If Only They Could Talk Read online



  I groped my way down the long garden to the garage. In the darkness of the yard I closed my eyes and the great chandeliers blazed again, the mirrors flashed and the music played.

  It was only two miles out to Beck Cottage. It lay in a hollow and in the winter the place was a sea of mud. I left my car and squelched through the blackness to the door of the house. My knock was unanswered and I moved across to the cluster of buildings opposite and opened the half door into the byre. The warm, sweet bovine smell met me as I peered towards a light showing dimly at the far end where a figure was standing.

  I went inside past the shadowy row of cows standing side by side with broken wooden partitions between them and past the mounds of manure piled behind them. Mr. Atkinson didn't believe in mucking out too often.

  Stumbling over the broken floor, splashing through pools of urine, I arrived at the end where a pen had been made by closing off a corner with a gate. I could just make out the form of a pig, pale in the gloom, lying on her side. There was a scanty bed of straw under her and she lay very still except for the trembling of her flanks. As I watched, she caught her breath and strained for a few seconds then the straining began again.
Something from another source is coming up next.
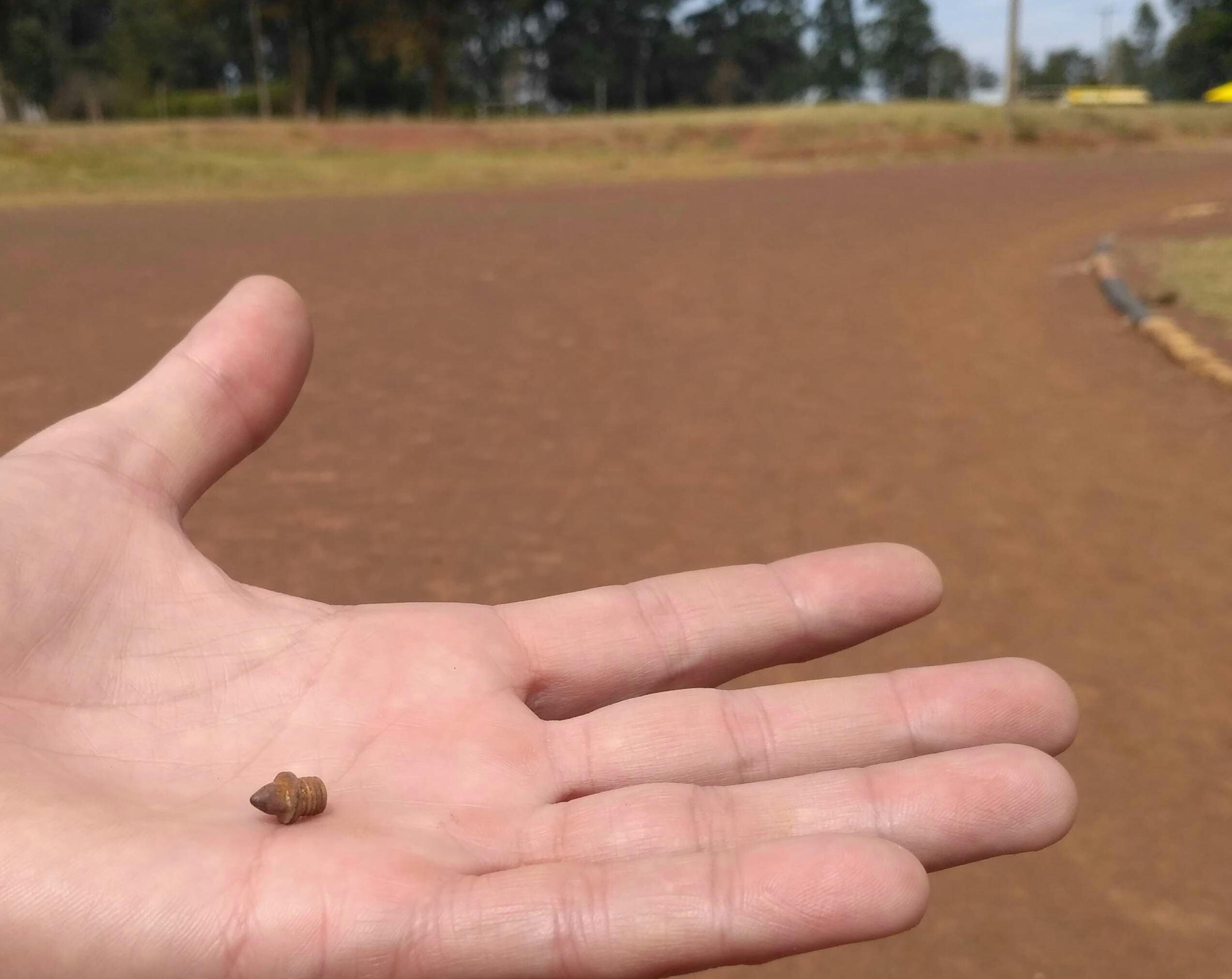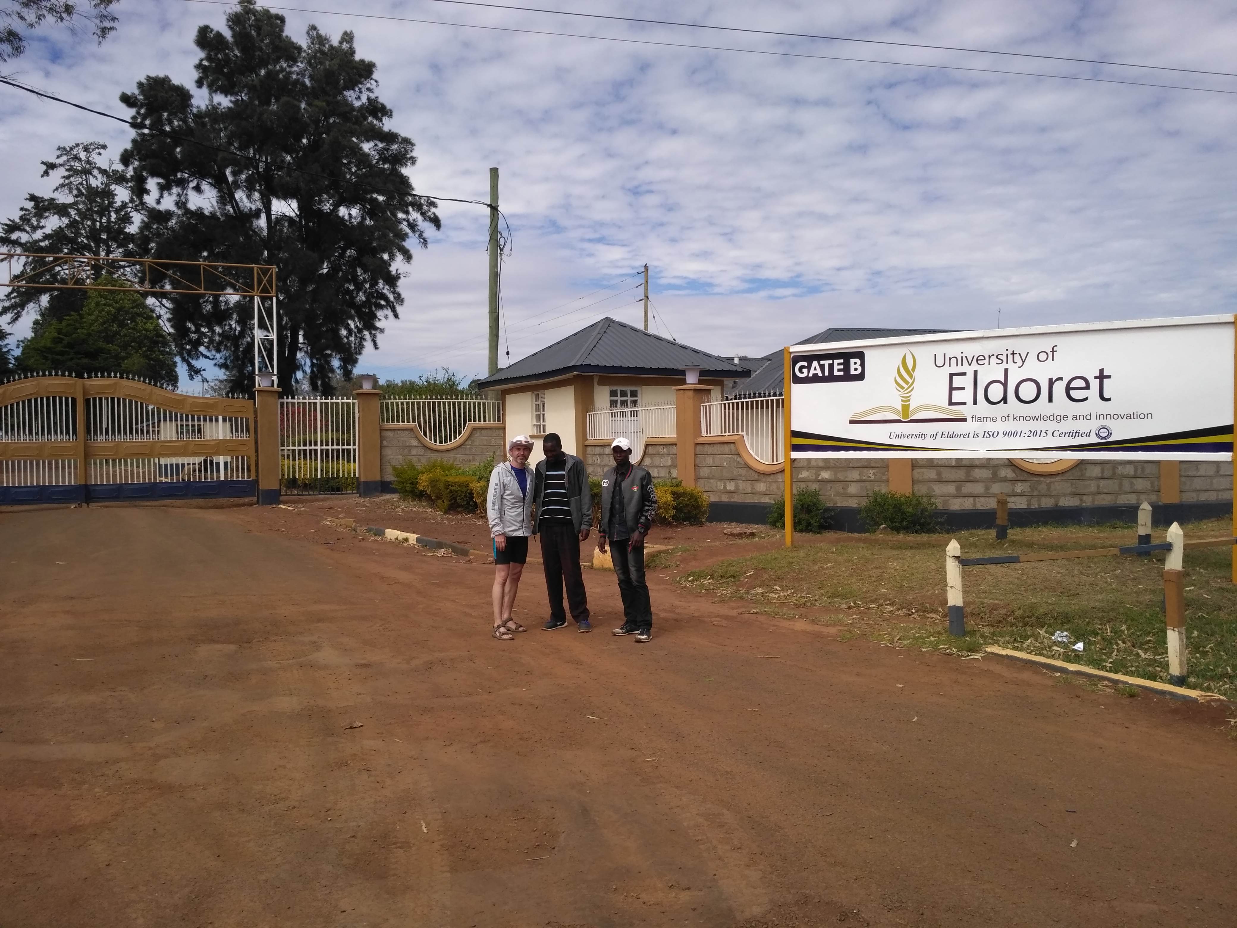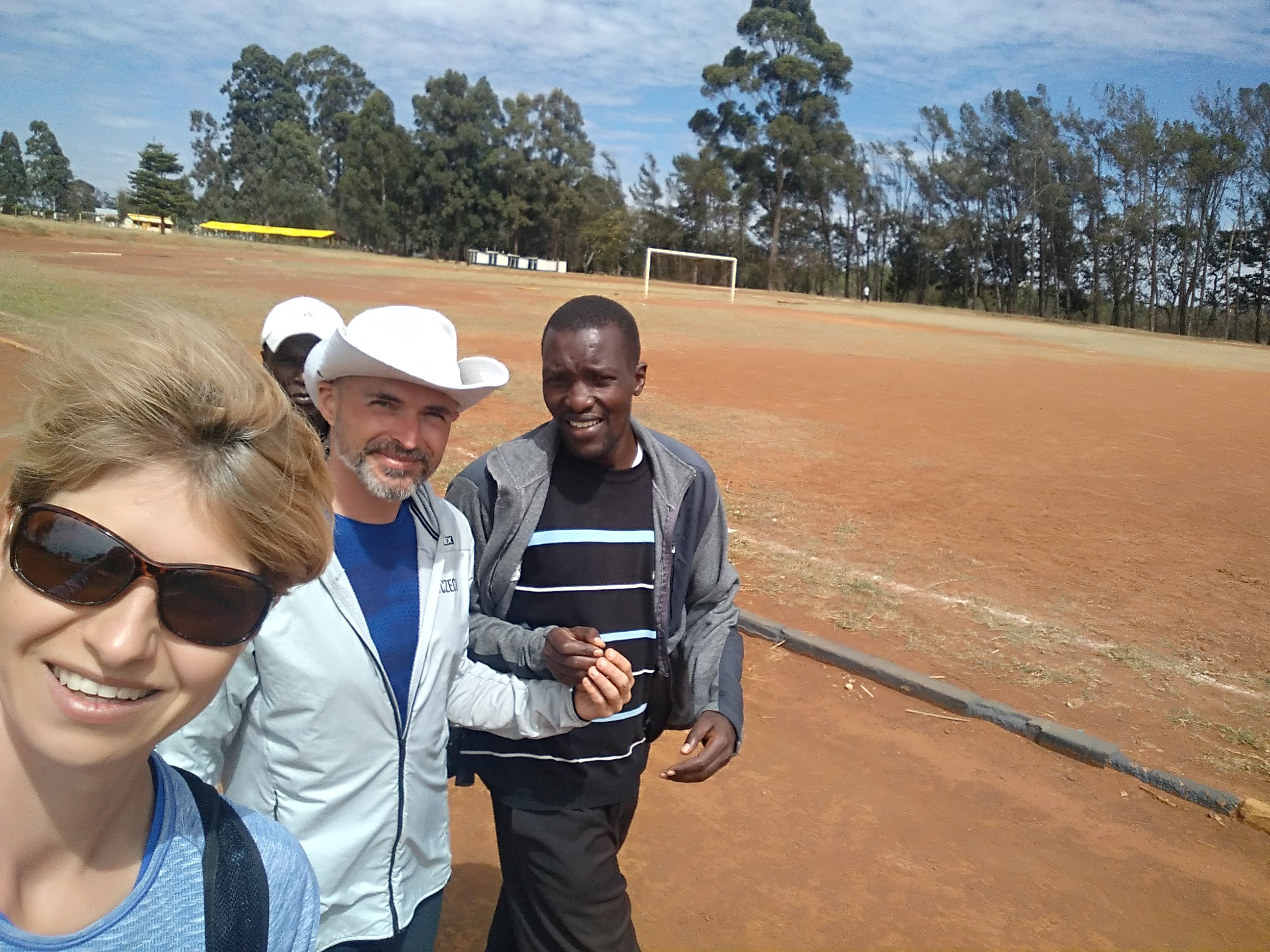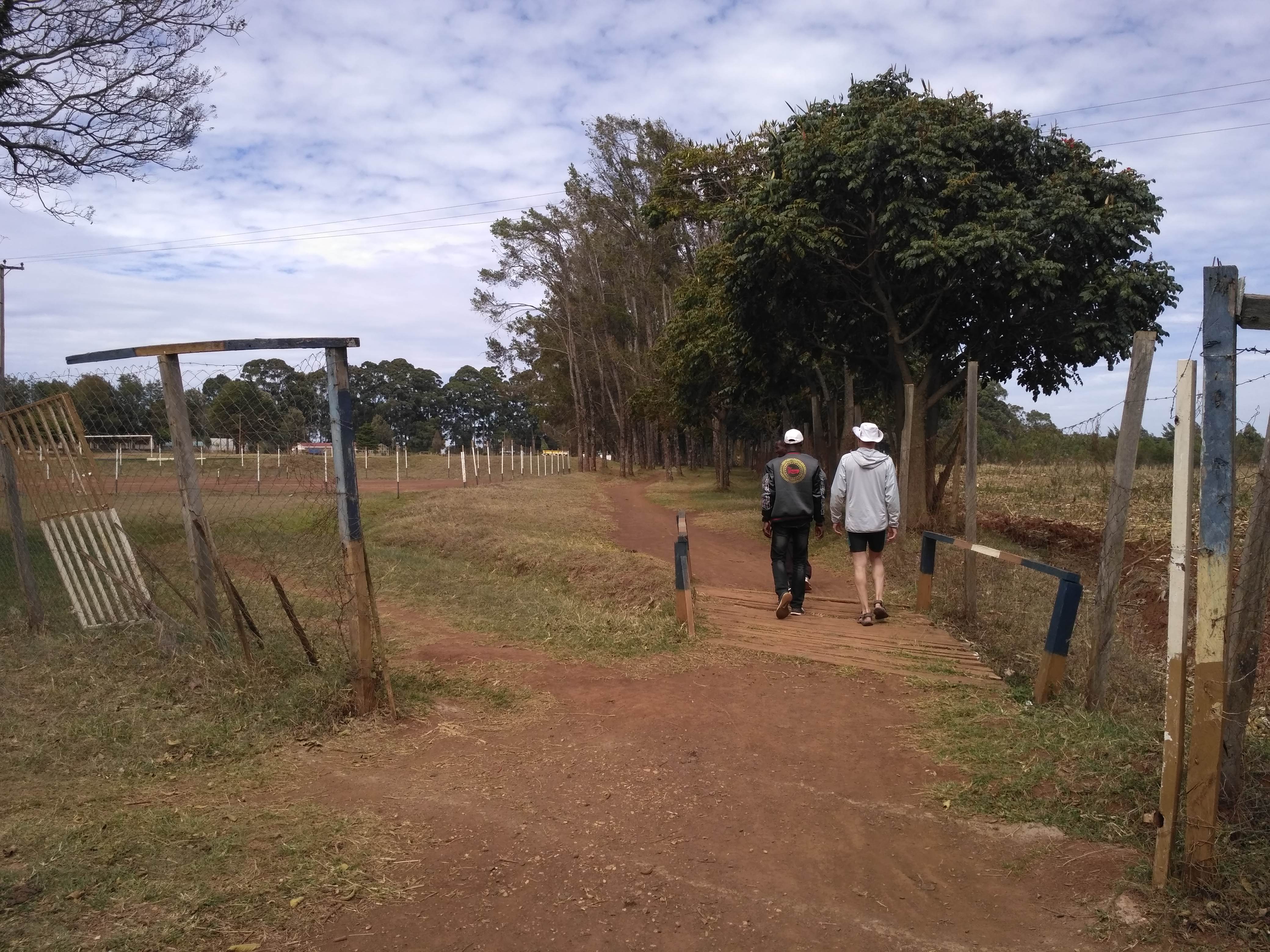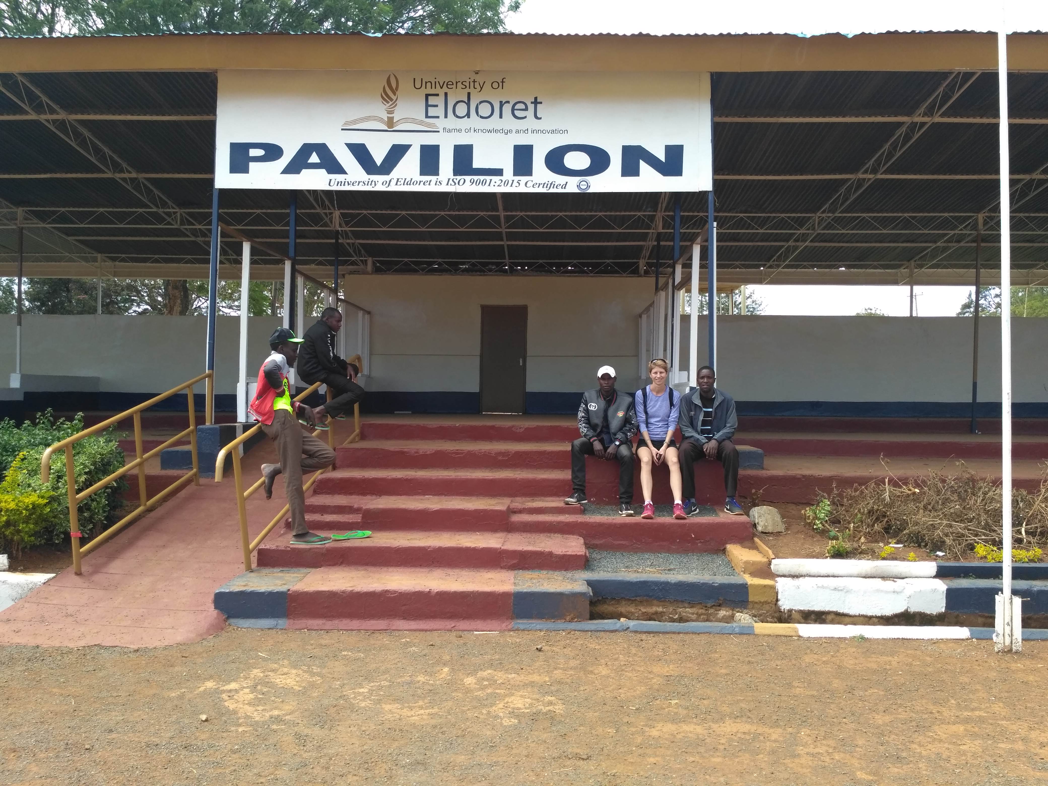 Wysiedliśmy na krzyżówce przed wjazdem do centrum. Tam złapaliśmy drugi podjazd, którym podjechaliśmy do uniwersyteckiego campu, gdzie znajduje się jeden ze stadionów. Przeszliśmy się dookoła po bieżni. Pierwszy tor, tak jak kiedyś na Kamariny był bardziej wydeptany i tworzył zagłębienie w kształcie podłużnej rynny. Meshack znalazł na nim wkręt do kolców lekkoatletycznych, kto wie może to Kipchoge go zgubił… Belka do biegów przez przeszkody także nosiła mocne ślady zużycia. Była wręcz wygięta, a gdy yacool się o nią oparł, zaczęła cała się telepać. Linię 200 metrów, skąd rozpoczynają biegać odcinki wyznacza plastikowa zielona butelka nadziana na patyk.

  Mr. Atkinson received me without enthusiasm. He was middle-aged, sported a week's growth of beard and wore an ancient hat with a brim which flopped round his ears. He stood hunched against a wall, one hand deep in a ragged pocket, the other holding a bicycle lamp with a fast-failing battery.

  'Is this all the light we've got?' I asked.

  'Aye, it is,' Mr. Atkinson replied, obviously surprised. He looked from the lamp to me with a 'what more does he want?' expression.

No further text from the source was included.